In Eliezer's preface he tries to avoid instilling self-fulfilling gloom, and at this point where he is trying to be most positive about our chances of survival he says "Maybe the horse will sing". Horses cannot sing and this is not encouraging.

Now, if Alice tells me "the situation is hopeless" and Bob tells me "maybe the horse will sing", the emphasis is different. Alice is emphasizing the mainline bad outcome, and Bob is emphasizing the non-mainline good outcome. But I don't infer that Alice and Bob have predictably different assessments of the situation.

The other factor is model error. Eliezer writes:

We can hope there's a miracle that violates some aspect of my background model, and we can try to prepare for that unknown miracle; preparing for an unknown miracle probably looks like "Trying to die with more dignity on the mainline".

Now, if Alice tells me "the situation appears hopeless, but maybe my model of the situation is wrong", and Bob tells me "the situation is hopeless", then concretely they are saying the same thing. Alice is explicit that she is fallible, and Bob lets his fallibility be implicit. But everyone knows that Alice and Bob are fallible, that is shared context for the conversation. Partly this is about a balance of concision and precision. Partly this is about social status and humility and false humility and so forth. But concretely Alice and Bob are saying the same thing. I don't infer that Bob thinks his models are better than Alice's.

To be clear, as requested, I am discussing the source text, not making inferences about Eliezer's latent state of mind.

1. AGI alignment is just a technical problem


Is it though? Seriously.

As just one example: what if superintelligence takes the from of a community of connected AGI running on (and intrinsically regulated by) a crypto-legal system, with decision policies implemented hierarchically over sub-agents (there's an even a surprisingly strong argument the brain is a similar society of simpler minds resolving decisions through the basal ganglia). Then alignment is also a mechanism design problem, a socio-economic-political problem.

Although I guess that's arguably still 'technical', just technical within an expanded domain.

13. People haven't tried very hard to find non-MIRI-ish approaches that might work.

So you haven't heard of IRL, CIRL, value learning, that whole DL safety track, etc? Or are you outright dismissing them? I'd argue instead that MIRI bet heavily against connectivism/DL, and lost on that bet just as heavily.  

(Which isn't to say that MIRI-AF wasn't a good investment on net for the world, even if it was low probability-of-success)

So you haven't heard of IRL, CIRL, value learning, that whole DL safety track, etc? Or are you outright dismissing them? I'd argue instead that MIRI bet heavily against connectivism/DL, and lost on that bet just as heavily.

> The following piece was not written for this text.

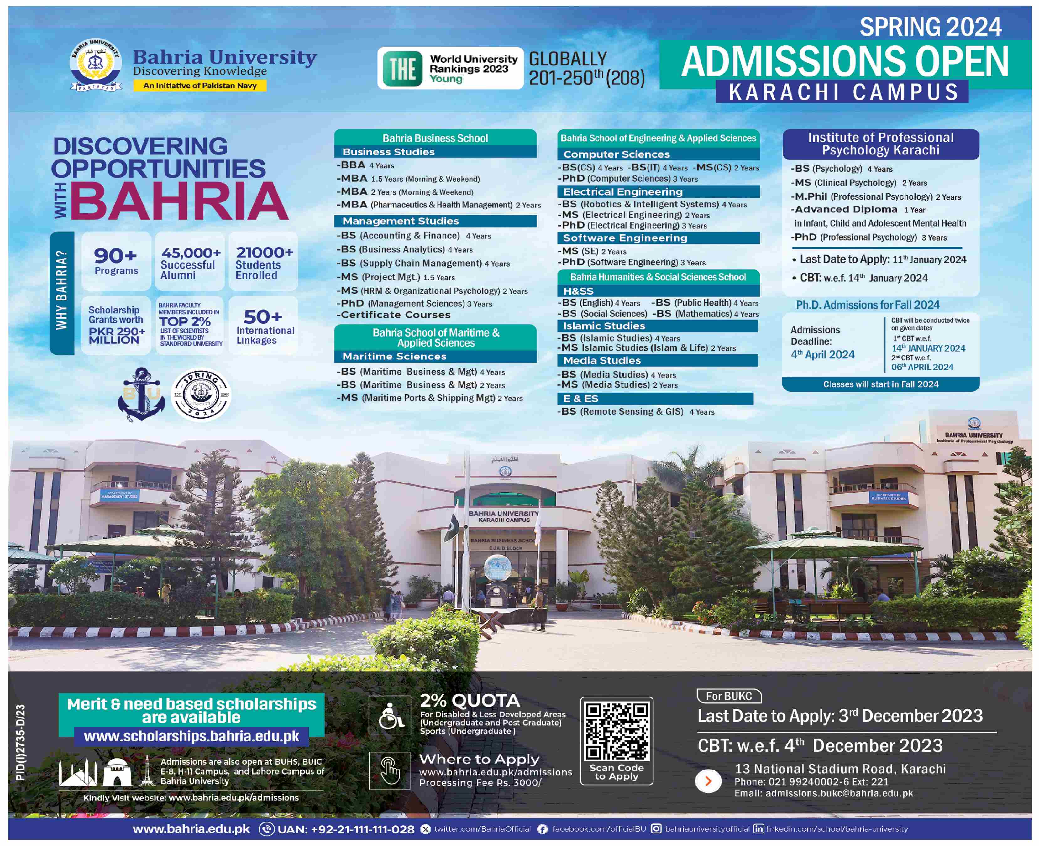 Admissions in Bahria University 2023 for Certificate Courses, BS, BBA, PhD has been announced. Eligible students can apply for academic admissions 2023 in Bahria University Karachi Sindh Pakistan for Science University. Students for admissions in BS, Course, BBA and Phd & criteria can apply as per Private institute admission policy 2023 before closing date February 5, 2024 as per advertisement. Read newspaper ad for exact details.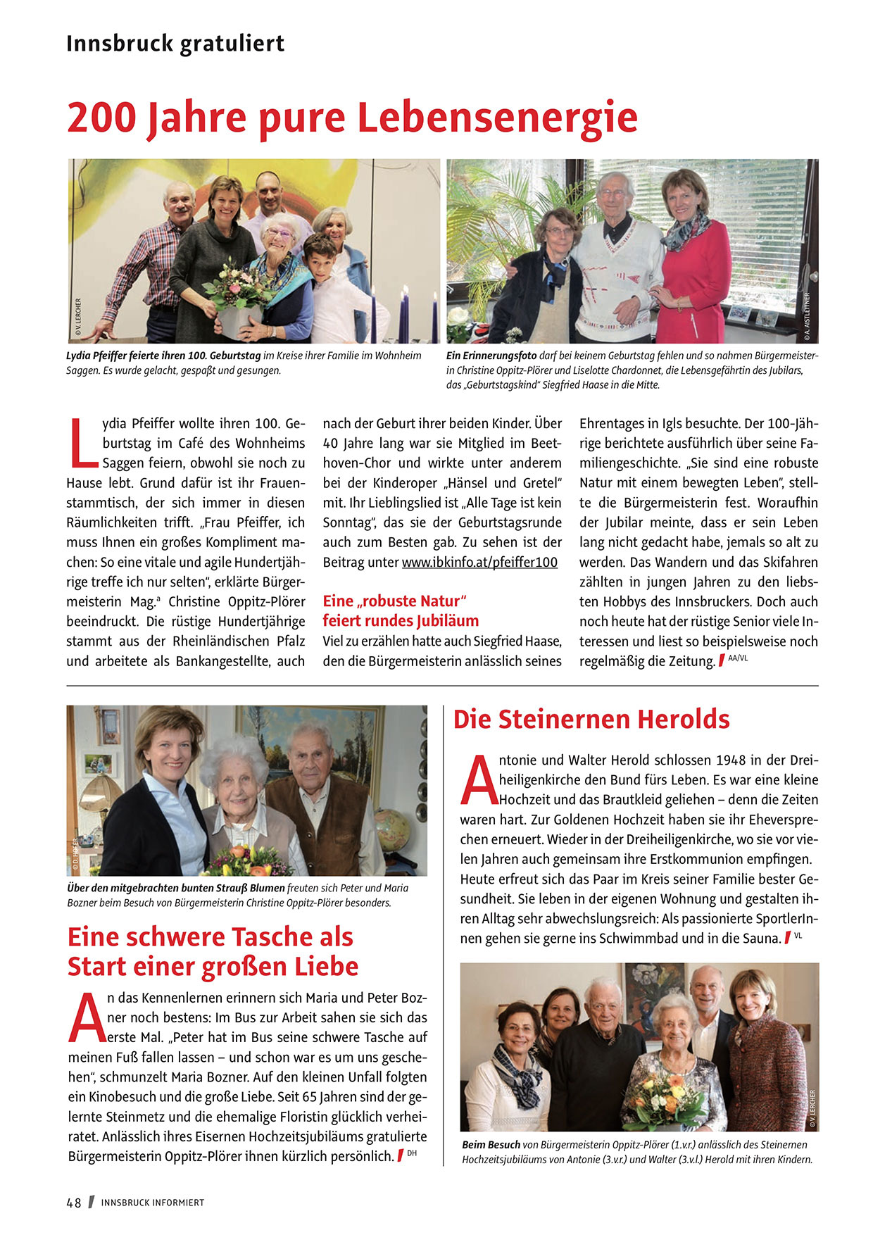 muss Ihnen ein großes Kompliment machen: So eine vitale und agile Hundertjährige treffe ich nur selten“, erklärte Bürgermeisterin Mag.a Christine Oppitz-Plörer

This comment and the entire conversation that spawned from it is weirdly ungrounded in the text — I never even mentioned DL. The thing I was expressing was 'relative to the capacity of the human race, and relative to the importance and (likely) difficulty of the alignment problem, very few research-hours have gone into the alignment problem at all, ever; so even if you're pessimistic about the entire space of MIRI-ish research directions, you shouldn't have a confident view that there are no out-of-left-field research directions that could arise in the future to take big bites out of the alignment problem'.

The rhetorical approach of the comment is also weird to me. 'So you've never heard of CIRL?' surely isn't a hypothesis you'd give more weight to than 'You think CIRL wasn't a large advance', 'You think CIRL is MIRI-ish', 'You disagree with me about the size and importance of the alignment problem such that you think it should be a major civilizational effort', 'You think CIRL is cool but think we aren't yet hitting diminishing returns on CIRL-sized insights and are therefore liable to come up with a lot more of them in the future'. etc. So I assume the question is rhetorical; but then it's not clear to me what you believe about CIRL or what point you want to make with it.

(Ditto value learning, IRL, etc.)

I'd argue instead that MIRI bet heavily against connectivism/DL, and lost on that bet just as heavily.  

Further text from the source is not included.